Морис пожал плечами.

– Да пожимай плечами сколько угодно! – сказал Лорен.

 
De par la pholosophie,
Nous, grands suppots de Momus,
Ordonnons que la folie
Ait son culte in partibus.
(Законами философии
Мы, сообщники Момуса,
Устанавливаем, что сумасшествие
Должно иметь свою собственную веру in partibus.)
 

Словом, мы намерены воздать поклонение Богине Разума.

– И ты бросаешься во все эти маскарады? – спросил Морис.

– Ах, друг мой, если бы ты знал так же близко Богиню Разума, как я, ты бы стал одним из самых жарких ее поклонников. Послушай, я хочу познакомить тебя с ней, я тебя представлю ей.

– Избавь меня от всех твоих шалостей. Мне грустно, ты это знаешь.

– Тем более, черт возьми! Она развеселит тебя. Э, да ты ее знаешь – целомудренную богиню, которую парижане хотят увенчать лаврами и возить в колеснице, обклеенной золотой бумагой… Это… угадай…

– Как мне угадать?

– Артемиза.

– Артемиза! – повторил Морис, роясь в памяти и не находя никого, кто бы назывался этим именем.

– Ну да! Высокая брюнетка, с которой я познакомился в прошлом году… на балу в Опере: еще, помнишь, ты ужинал с нами и подпоил ее.

– Ах, точно, – отвечал Морис, – теперь помню! Так это она? Ты уверен?

– Перевес на ее стороне. Я представил ее конкурсу, все фермопильцы обещали мне свои голоса. Через три дня окончательный выбор. Сегодня приготовительный обед, сегодня мы разливаем шампанское; быть может, послезавтра мы будем разливать кровь! Но пусть разливают себе что хотят, Артемиза будет богиней, или черт их всех возьми! Ну пойдем, мы заставим ее надеть тунику.

– Благодарю. Я всегда питал отвращение к подобным вещам.

– К одеванию богинь? Черт возьми, как ты спесив. Ну ладно! Я согласен, ежели это может развлечь тебя, надеть на нее тунику, а ты ее снимешь.

– Лорен! Я болен. И не только не расположен веселиться, но мне даже больно видеть, как другие веселятся.

– Однако ты меня пугаешь, Морис; ты больше не дерешься, не смеешься.
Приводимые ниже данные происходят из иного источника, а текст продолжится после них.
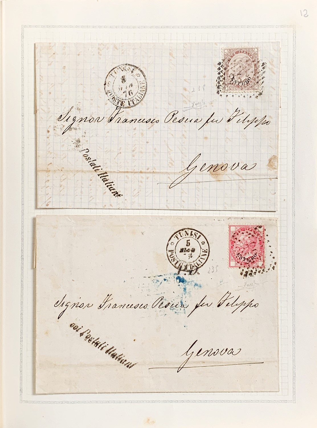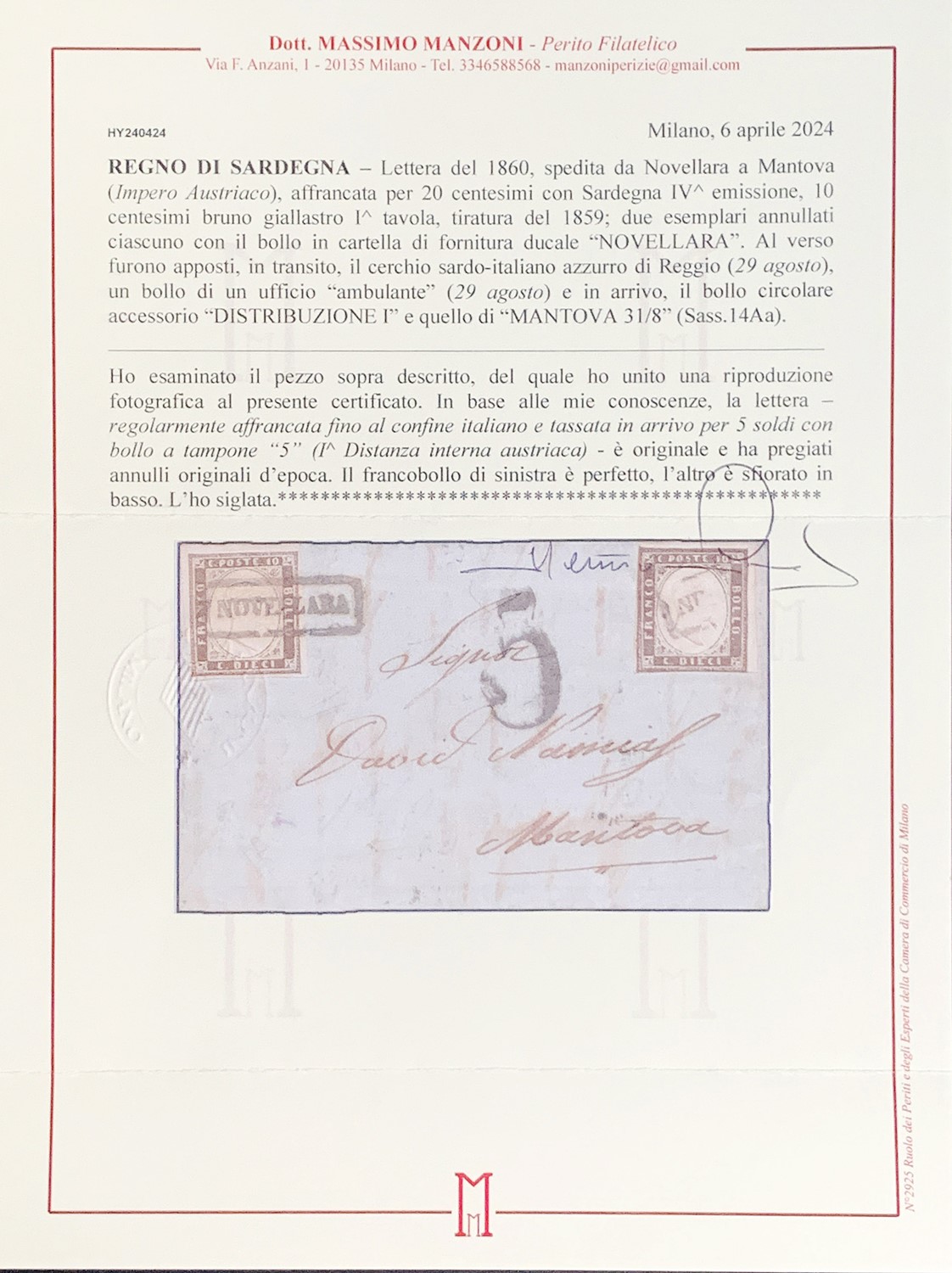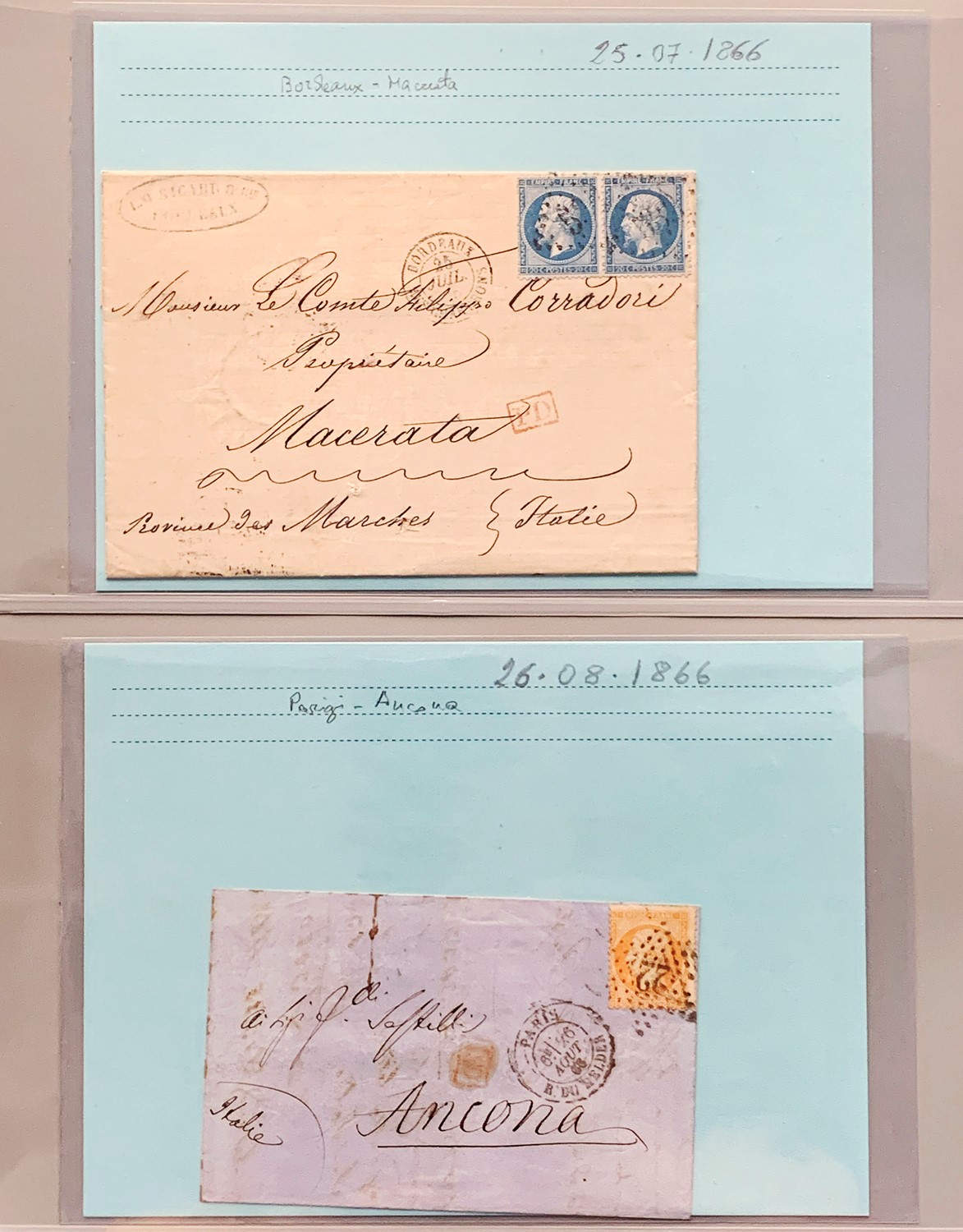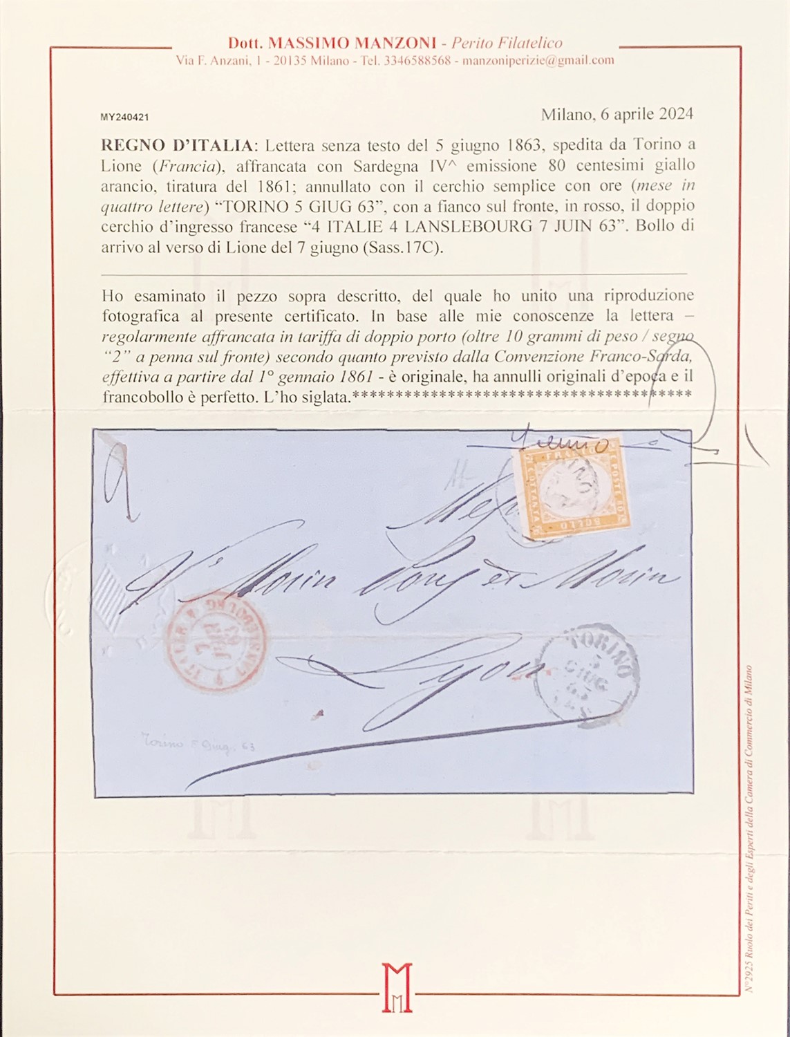 1860 - France 20c blue Napoleon III (Yvert 14), pair applied across a cover with text of March 8, 1853, from Paris to Final-Borgo. The pair, initally not canceled, was struck on arrival with a Sardinian diamond dumb postmark of Final-Borgo. Very likely unique, Cert. Manzoni (Image 1)(Image 2)(Image 3)(Image 4)(Image 5)

Уж не замышляешь ли чего?

– Я? Боже меня избавь!

– Ты хочешь сказать, избави меня, Богиня Разума.

– Оставь меня, Лорен, я не могу, я не хочу выходить из дома. Я в постели и намерен оставаться в ней.

Лорен почесал себе ухо.

– Я вижу, что это значит, – сказал он.

– Что же ты видишь?

– Я вижу, что ты дожидаешься Богини Разума.

– Черт возьми, – вскричал Морис, – как докучливы друзья, которые острят! Уйди, не то я закидаю проклятиями тебя и твою богиню.

– Закидай, закидай…

Морис приподнял руку, чтобы проклинать, как вдруг его прервал вошедший в эту минуту прислужник, который держал письмо к гражданину собрату.

– Гражданин Сцевола, – сказал Лорен, – ты вошел не вовремя. Господин твой только что хотел сделаться величественным.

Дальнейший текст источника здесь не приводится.